Episode 3 - Interview with Quinn Emanuel partner, Steve Cherny (Part 1)
Read the transcript below:
The following episode of Beyond Hourly was recorded before the merger of IMF Bentham and Omni Bridgeway.
Sarah Tsou:
Thank you for tuning in to the Beyond Hourly podcast, hosted by Bentham IMF (now known as Omni Bridgeway). As one of the world's most experienced commercial litigation funders, Bentham has invested nearly two decades into providing litigation finance and investment capital to plaintiffs and law firms.
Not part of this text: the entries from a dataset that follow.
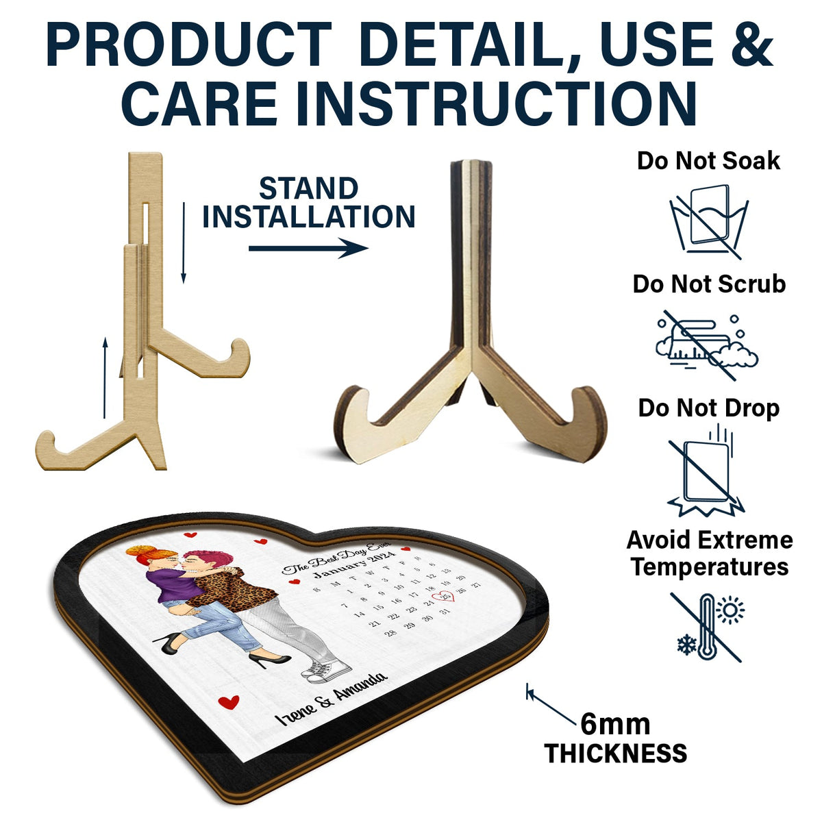 Calendar The Best Day Ever - Gift For Couples - Personalized 2-Layered Wooden Plaque
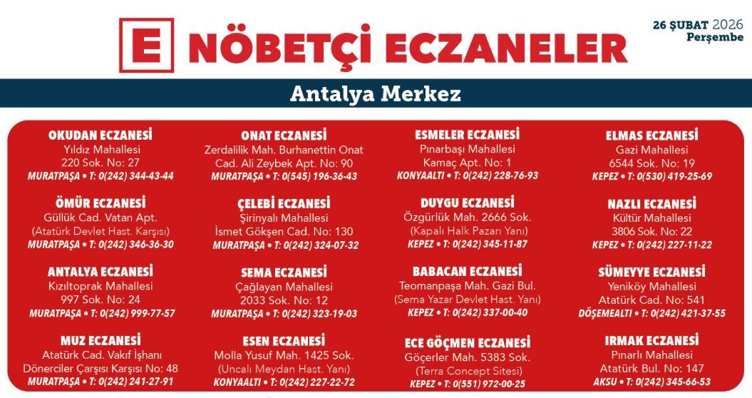 İşte Antalya'nın merkez ilçelerinde bugünkü nöbetçi eczane listesi;
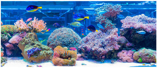 - Leger, J.S.; Violetta, G. Interaction Between Public and Private Aquaria. In Marine Ornamental Species Aquaculture; John Wiley & Sons, Ltd.: Chichester, UK, 2017; pp. 623–634. ISBN 9781119169147. [Google Scholar]
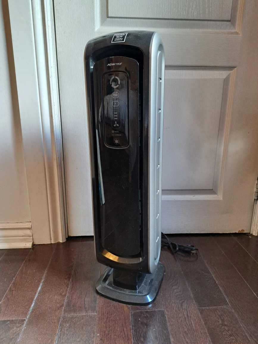 28" air filter, great for basements! Only used for 6 months in a smoke-free and pet-free home. Comes with extra filters.
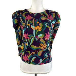 INC International Concepts Blouse Top size Small Pink Purple Floral Retro Hippie
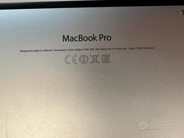 Display retroilluminato LED da 15,4" (diagonale) con tecnologia IPS; risoluzione nativa 2880×1800 a 220 pixel per pollice; supporta milioni di colori
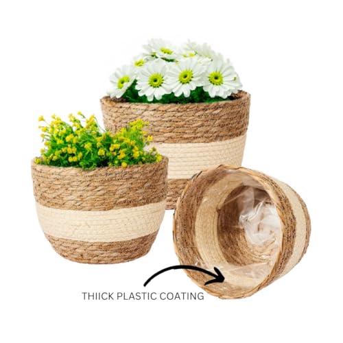 - STYLISH HOME DÉCOR – The natural look of these woven planters adds a touch of bohemian elegance to any room. They are not only functional but also make beautiful decorative accents in your living room, bedroom, kitchen, or patio.
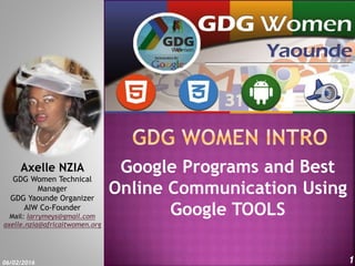 Le document présente les programmes offerts par Google pour les étudiants, tant en informatique qu'en général, ainsi que des outils de communication pour améliorer le travail collaboratif en ligne. Il inclut des exemples de cas pratiques avec Gmail, Hangouts et Google Drive, et met en avant des opportunités pour les femmes et d'autres groupes d'étudiants. Enfin, il mentionne l'organisation d'ateliers pratiques pour l'implémentation des Google Apps dans un événement prévu au Cameroun.
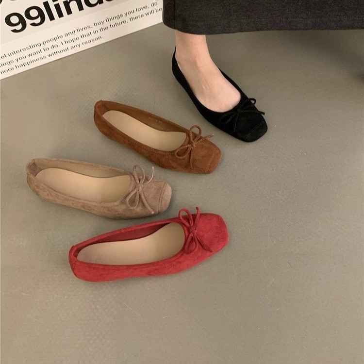 2025 봄 신간 적외선 스웨이드 라운드 발가락 신발 여성 한국식 활 플랫 슬립 온 Doudou 여성용 신발스토어 가기
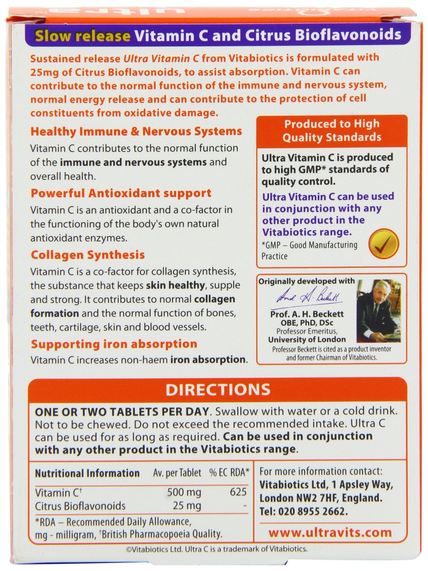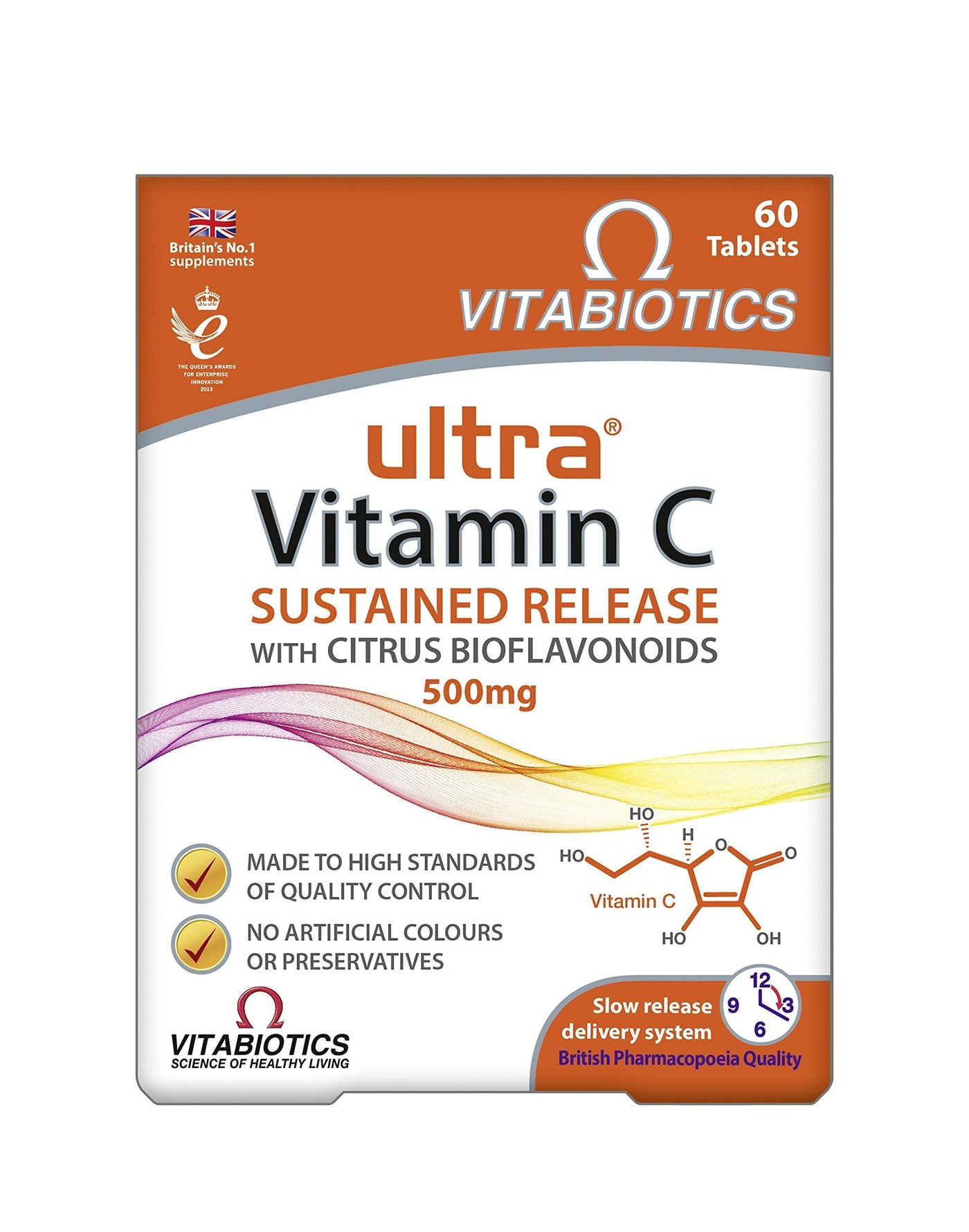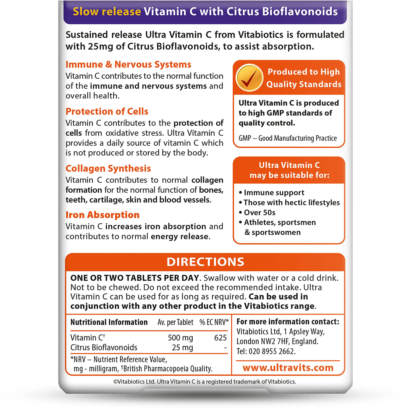 Ultra Vitamin C provides slow release vitamin C formulated with 25mg of citrus bioflavonoids, for maximum absorption and effectiveness. Ultra Vitamin C provides antioxidant support and contributes to normal function of the immune and nervous system. It increases non-haem iron absorption, the mineral essential for healthy blood formation and also supports normal collagen formation. Indications Generally, Ultra� Vitamin C may be used alongside medications, because it contains only moderate levels of slow release vitamin C and citrus bioflavonoids. Ultra� Vitamin C is free from any drugs or hormones. For specific advice on taking Ultra� Vitamin C with medicines, we recommend that you contact your doctor or pharmacist first. P.when('A').execute(function(A) { A.on('a:expander:toggle_description:toggle:collapse', function(data) { window.scroll(0, data.expander.$expander[0].offsetTop-100); }); }); Ingredients Tablet Ingredients: Vitamin C (Ascorbic Acid [Carrier: Hydroxypropylmethylcellulose]), Bulking Agents: Dibasic Calcium Phosphate & Microcrystalline Cellulose, Sustained Release Agent: Hydroxypropylmethylcellulose, Citrus Bioflavonoids, Anti-Caking Agents: Magnesium Stearate and Silicon Dioxide, Xanthan Gum. Allergy Advice: For allergens, see ingredients in bold. Directions One or two tablets per day. Swallow with water or a cold drink. Not to be chewed. Do not exceed the recommended intake. A regular intake is recommended. Safety Warning Always read the product directions before use. Do not exceed the recommended intake. As with other supplements, seek professional advice before using if you are pregnant, breastfeeding or suffer from food allergies, or are allergic to fish or fish products . If you have epilepsy or are taking oral anticoagulant (e.g. warfarin) consult your doctor or pharmacist before using this product. Vitamin supplements are not intended to treat or prevent any disease. Food supplements must not replace a balanced and varied diet, and a healthy lifestyle. Box Contains 60 x Tablets Manufacturer Contact Information ?Vitabiotics Ltd, 1 Apsley Way, London NW2 7HF, United Kingdom See more
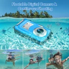 ♥ 2.8'' TFT Screen & Self-Timer: With a 2.8-inch TFT screen, this waterproof camera makes it easy to use features like timer shooting and continuous shooting. Whether you're going about your daily life or embarking on an adventure, it's easy to capture beautiful moments and preserve precious ones. Easy to carry and simple to operate, this camera allows you to effortlessly indulge in the joys of photography. ♥ 4K Video & 56MP Image:Blending 4K video recording with 56MP image capability, this underwater camera enables you to seize every captivating detail of your daily adventures. Whether you're delving into underwater exploration or capturing everyday moments, this camera fulfills your requirements for exceptional image quality, delivering an unparalleled photography journey. ♥ Autofocus Function:Equipped with full autofocus functionality, this waterproof camera excels in macro photography while in photo mode, boasting an impressive closest shooting distance of up to 5cm (2''). With its 16x digital zoom feature, it effortlessly captures intricate details of subjects both nearby and distant and ensure a more exhilarating shooting encounter. ♥ 11Ft Underwater Camera:This digital camera dives up to 3.3M/11Ft without a waterproof case, ensuring safe and stable underwater photography. It is designed for snorkeling, swimming, and other underwater activities, allowing you to enjoy underwater imaging. Besides, this camera floats on the surface of the water to prevent sinking. ♥ Warm Tips:This compact camera comes with a 32GB high-speed Micro SD card that can store up to 8000+ photos. The camera is lightweight, features face detection, and comes with a large 1250mAh rechargeable battery for up to 90 minutes of continuous video recording. With support for charging while you use it, you don't have to worry about running out of battery while traveling.
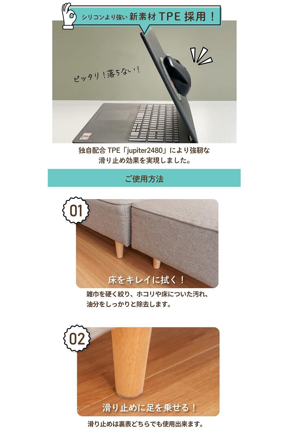 【はみ出さない】ソファの足の形状に合わせたぴったりサイズなので、滑り止めが足からはみ出ません。ペットがかじったり、お掃除ロボットが引っ掛かったりせず、見た目もスッキリおしゃれな ソファ 滑り止め です。
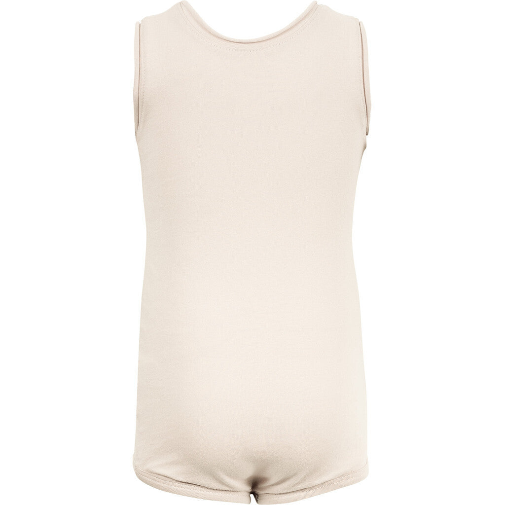 Blød body med stropper i økologisk bomuld. Ærme- og halsåbningen har rullende rå kanter. Bodyen kommer med to YKK trykknapper; naturligvis nikkelfri.
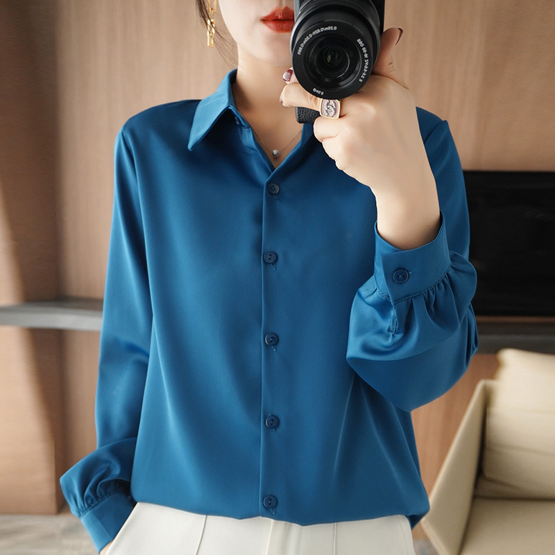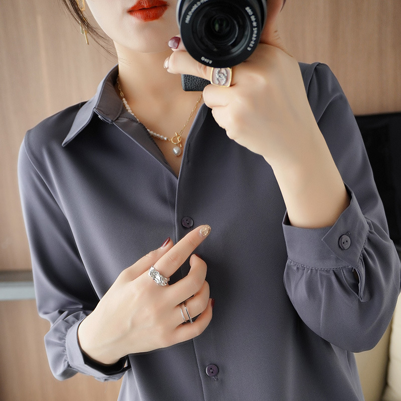 실크 실크 2024 봄 여성의 새로운 POLO 칼라 셔츠 단색 간단한 올 매치 기질 탑 짧은 카디건스토어 가기
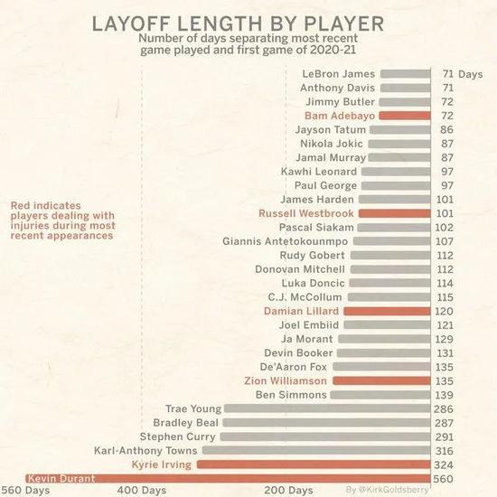 ESPN写手Kirk Goldberry统计的NBA球队以及部分球员休息时间。
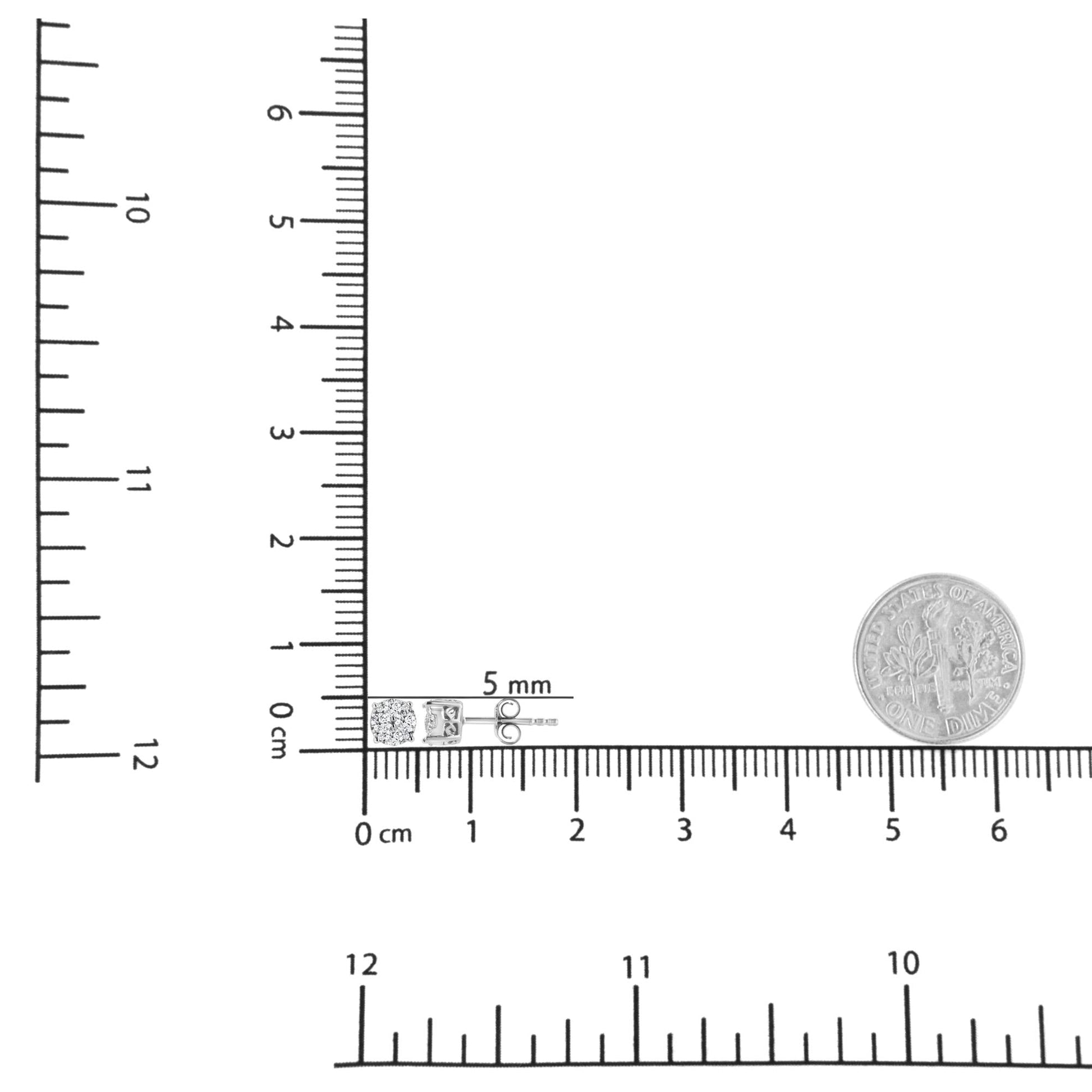 Elegant and timeless, these silver studs are set with stunning lab-grown diamonds that will shine bright on your ears. Varied sizes of round-cut diamonds make up the central design of this piece for a total carat weight of 1/2 cttw. The diamonds are set in genuine .925 sterling silver, plated with rhodium (a platinum-family metal) for a lifetime of tarnish-free wear. These earrings come with a screw-back mechanism for a secure and safe fit. Elevate your everyday wear or liven up any formal outfit with these beautiful earrings.
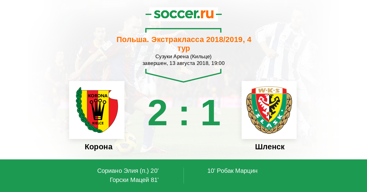 Польша. Экстракласса 27.09.2019 Корона Логотип футбольный клуб Корона (Кельце) 1:0 Логотип футбольный клуб Шленск (Вроцлав) Шленск
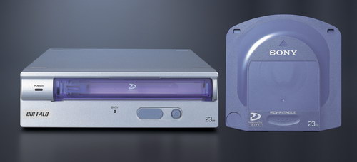 Емкость 23,3 ГБ, синего цвета, использует диск, заключенный в картридж, именуется «заменой DVD-RAM». Это не Blu-Ray, и это не HD-DVD. Это – стандарт Professional Disc for DATA (PDfD), одна из попыток Sony застолбить свою часть рынка оптических носителей будущего поколения, и привод Buffalo соответствующего стандарта, второго после привода самой Sony, выпущенного несколько месяцев назад.
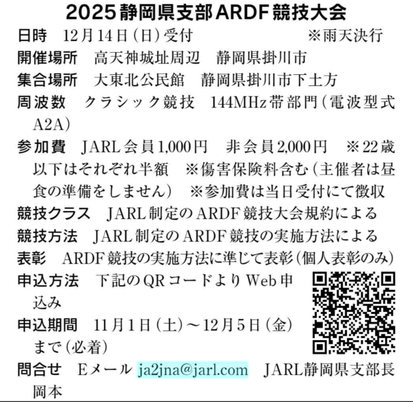 | JARL静岡県支部ではARDFの取り組みとして、 静岡県支部ARDF競技大会兼静岡県高等学校ARDF 競技大会を開催しています。 ■令和7年12月14日(日)に開催した、2025静岡県 支部ARDF競技大会兼 静岡県高等学校ARDF競技 秋季県大会は無事終了しました。 |
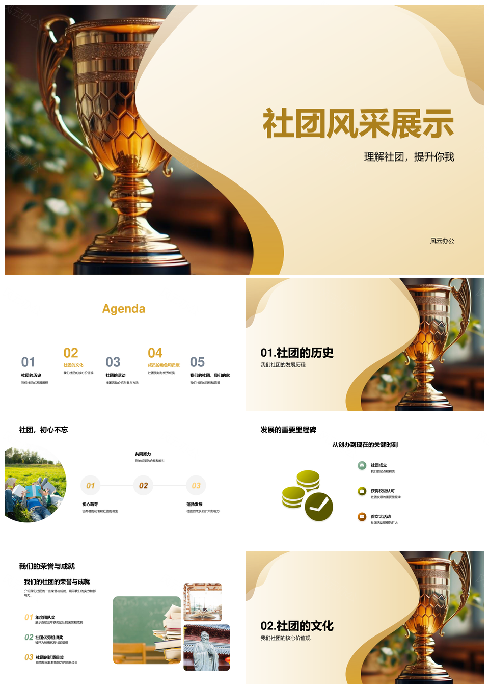 风云办公提供的校社传承践行精神特色活动风采PPT模板,下载格式为pptx,一共23页,作品中文字及图均可以修改和编辑,图片更改请在作品中右键图片并更换,文字修改请直接点击文字进行修改。
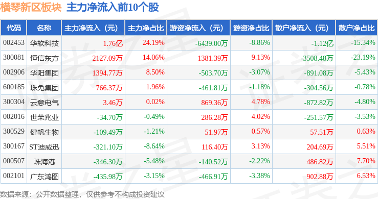 从资金流向上来看,当日横琴新区板块主力资金净流出2510.85万元,游资资金净流出401.61万元,散户资金净流入2912.47万元。横琴新区板块个股资金流向见下表:

We offer law firms and their clients a risk sharing partnership and a proven record of success as a leading, global litigation funder.
Episodes of this podcast can be found on our website, www.benthamimf.com (now at www.omnibridgeway.com), and on iTunes, Stitcher, and SoundCloud. I'm your host today, Sarah Tsou. Prior to joining Bentham's New York office as an investment manager and legal counsel, I spent over 12 years at Kirkland & Ellis LLP litigating intellectual property cases. At Bentham I assess investment opportunities in the IP space and beyond and act as a strategic resource for the parties we fund throughout the funding relationship. We have a very exciting guest here today, Steve Cherny.
Steve is a partner at Quinn Emanuel in its Boston and New York offices. Steve has nearly three decades of high profile patent litigation under his belt and has won some of the most important patent cases in the last decade. Steve also serves as a lecturer at the University of Chicago Law School and is a former member of the District of Delaware IP advisory subcommittee. I'm also proud to say that I had the privilege of working closely with Steve for a number of years when we were both at Kirkland.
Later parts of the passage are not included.